The book will be called Wonder Woman: Tempest Tossed, and will publish in 2019. Check out the full details of DC’s announcement in Publishers Weekly.

25 Years of Scribbling – My Journey So Far

Twenty-five years ago, September 7, 1992, my youngest kid went to first grade. While I was a little sad to see her get on the bus, I was excited that she would be out of the house all day, like her older sister. I’d been working as a freelance journalist for years, mostly working nights for newspapers and whatever magazine or trade journal that didn’t write rubber checks. Suddenly I had a few more kidless hours a day.

The dream I had been harboring for years demanded that I pay attention.

I wrote an oath in my journal: I would focus on writing for children in the hours before the kids woke up and when they were at school. I gave myself five years, until September 1997, to get a children’s book published. If I couldn’t make the goal, I swore I would go to nursing school, which my mom had been bugging me about since forever.

I should have given myself 10 years.

I had no idea what I was setting out to do. I didn’t know how tough it was to get published. I didn’t even know how to get published. And I certainly did not know how to write. But I knew that I wanted to try.

If you’ve ever heard me present at a conference, you’ve heard about my years of failure. The fact that I honestly thought I was supposed to send in a first draft instead of revising. That I wrote the world’s worst 7000-word picture book manuscript. I made every mistake possible and invented a couple of new ones just for fun. Rejections piled up for years.

The point is not that I screwed up. Everyone does that. The point is not that I almost quit many, many times. The point is that I kept trying. I had an audacious dream – to write books that kids might like – and it (mostly) made me happy to pursue that dream. So that’s what I did.

And a funny thing happened. I learned.

I attended SCBWI conferences and found a critique group. I started analyzing what worked and didn’t work in books. I found that revision was even more fun than writing first drafts.

I got better. I worked harder. I dreamed bigger.

I had huge plans for today. I was going to write poetry at dawn, write a letter than I could open on September 7, 2042. Thought about sipping champagne.

Instead, I worked. I’ll be on the road for most of the next 8 months, so today was a Dealing With Travel Email day. I walked to my local indie and picked up a copy of Ibram X. Kendi’s Stamped from the Beginning: The Definitive History of Racist Ideas in America. I treated myself to Tandoori chicken and saag paneer, with blueberries for dessert.  I made a cup of chamomile tea, instead of opening champagne.

My first book (a picture book now long out of print) was published in 1996, one year before my deadline. Since then I’ve published 35 books that have collectively sold millions of copies.

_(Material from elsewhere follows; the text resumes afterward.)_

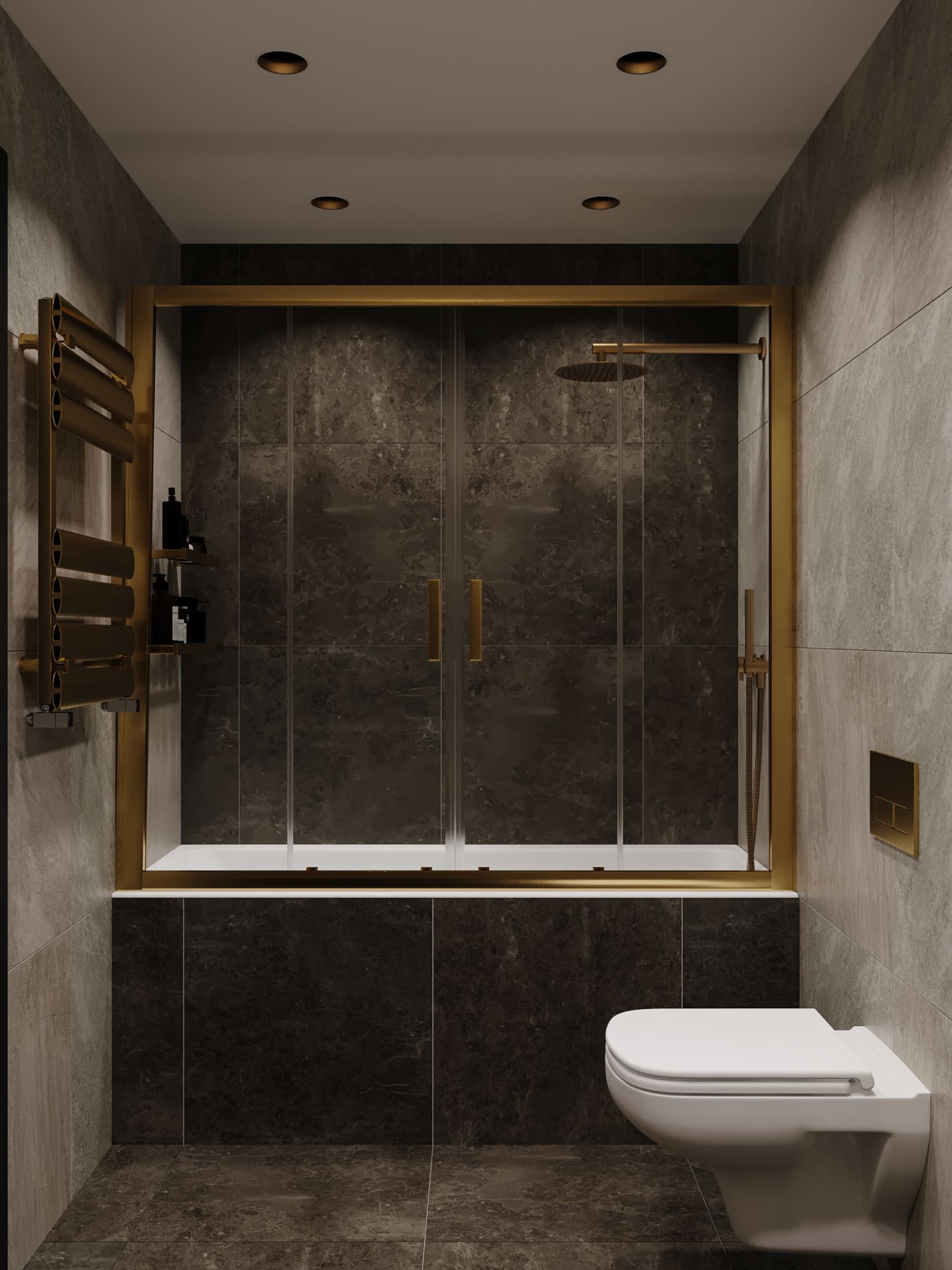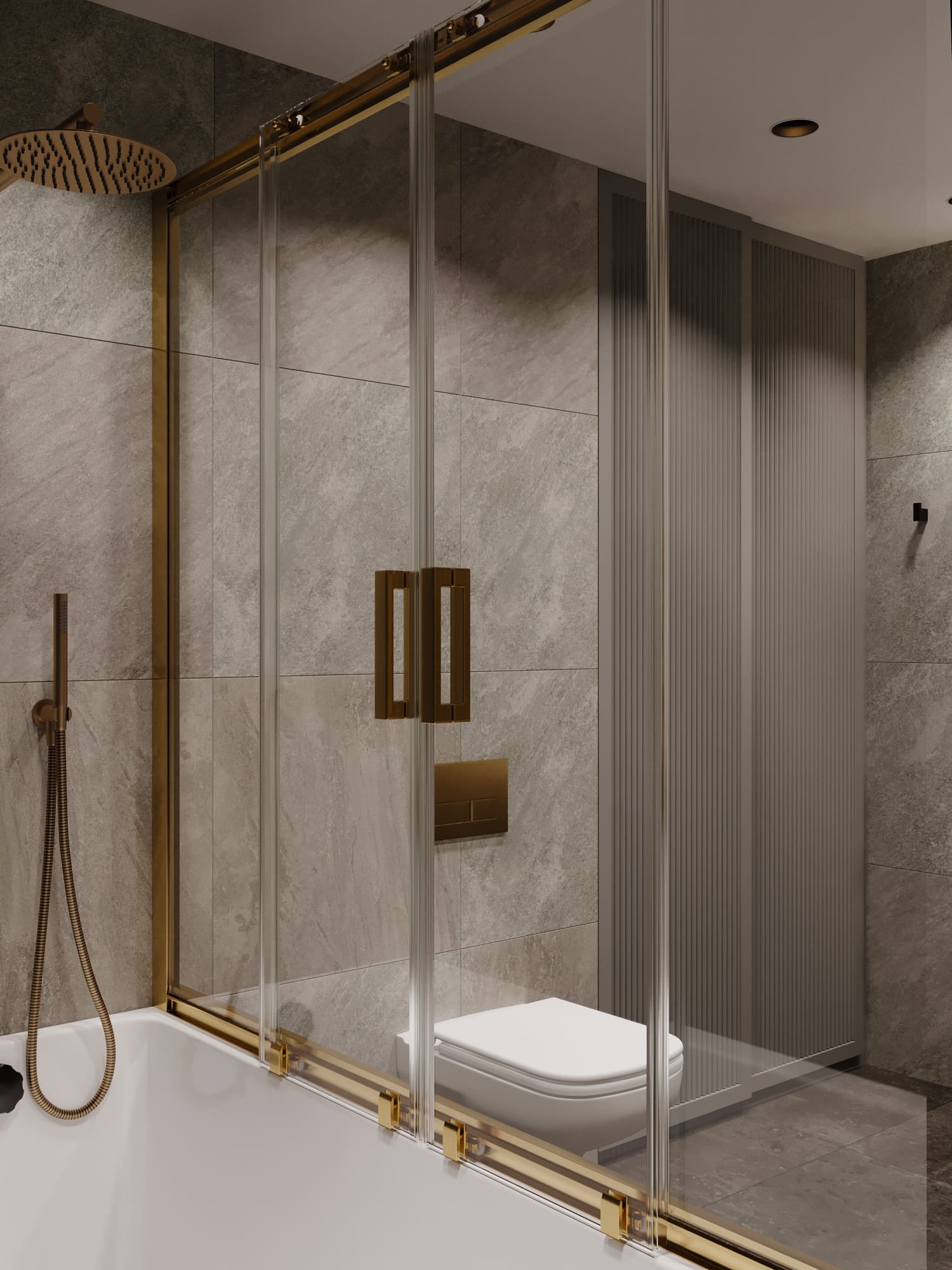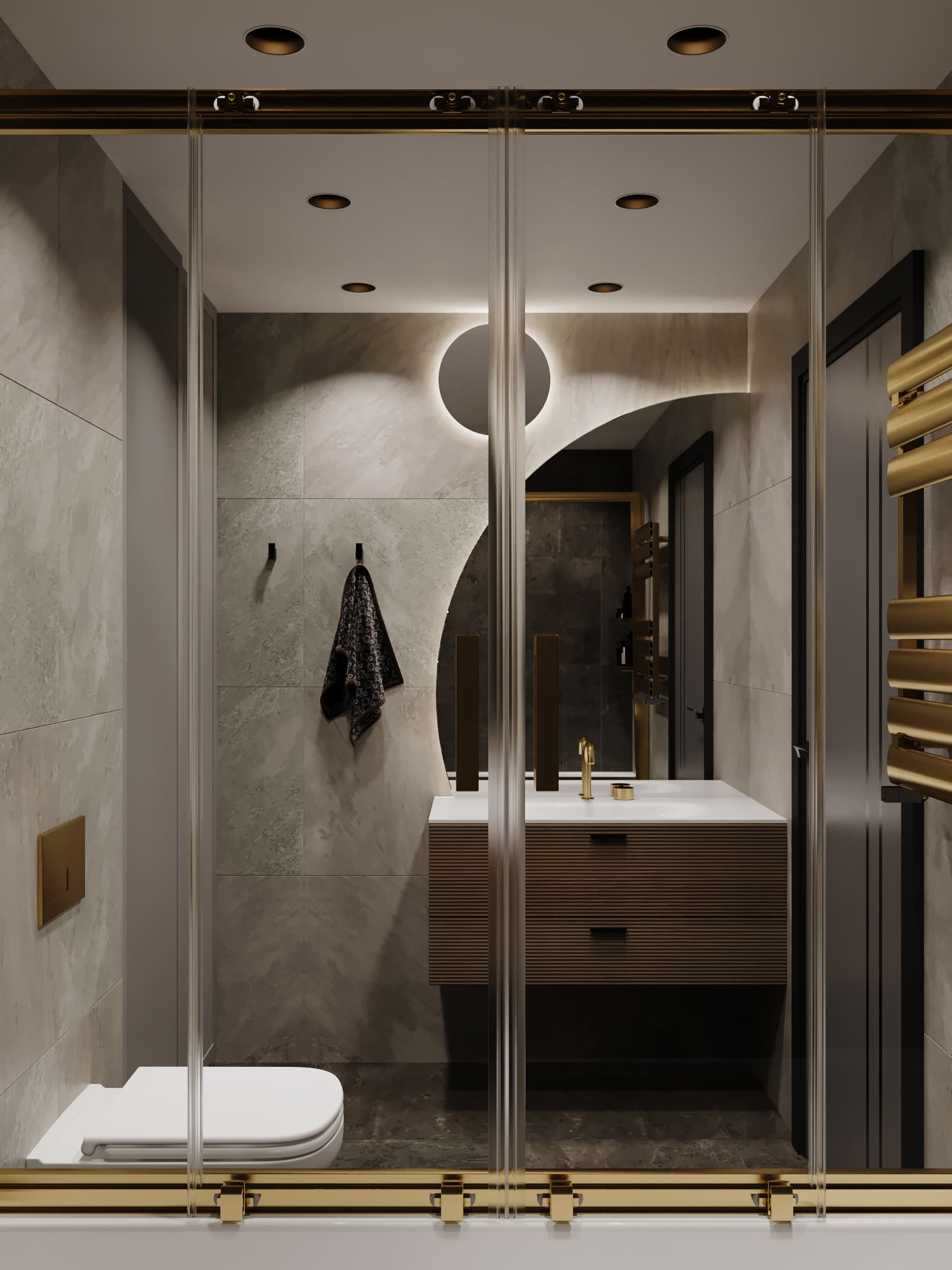 Ванна с прозрачными стеклянными дверцами расположена в зоне, отделанной тёмным керамогранитом, — этот приём визуально выделяет мокрую зону, добавляя интерьеру графичности и глубины. Белый унитаз, напротив, остаётся нейтральным, не перетягивая внимание. Стены выполнены в светлых тонах, что создаёт спокойную, воздушную базу. Золотистые акценты — смеситель, рамка стеклянного ограждения ванны и полотенцесушитель — объединяют пространство в единую композицию, добавляя ему тёплого свечения и элегантности. У входа расположена раковина с деревянной столешницей и золотыми элементами. Над ней — круглое зеркало с подсветкой, которое обеспечивает мягкое, равномерное освещение лица и становится выразительным акцентом.

More importantly, I’ve been blessed with the chance to meet readers, their families, and their teachers and librarians across America and around the world. I’ve worked with incredibly talented people, become friends with my heroes, and had the chance to give voice to the causes that I care about.

I am a very lucky and grateful girl.

I decided that the best way to celebrate the last 25 years was to do the work that got me here – some creative writing, some book tour preparation, too many email, and a nice walk to the bookstore.

Tomorrow morning I shall write a paragraph or two in my journal with a couple of goals for the next twenty-five years.

Who knows what adventures they’ll bring?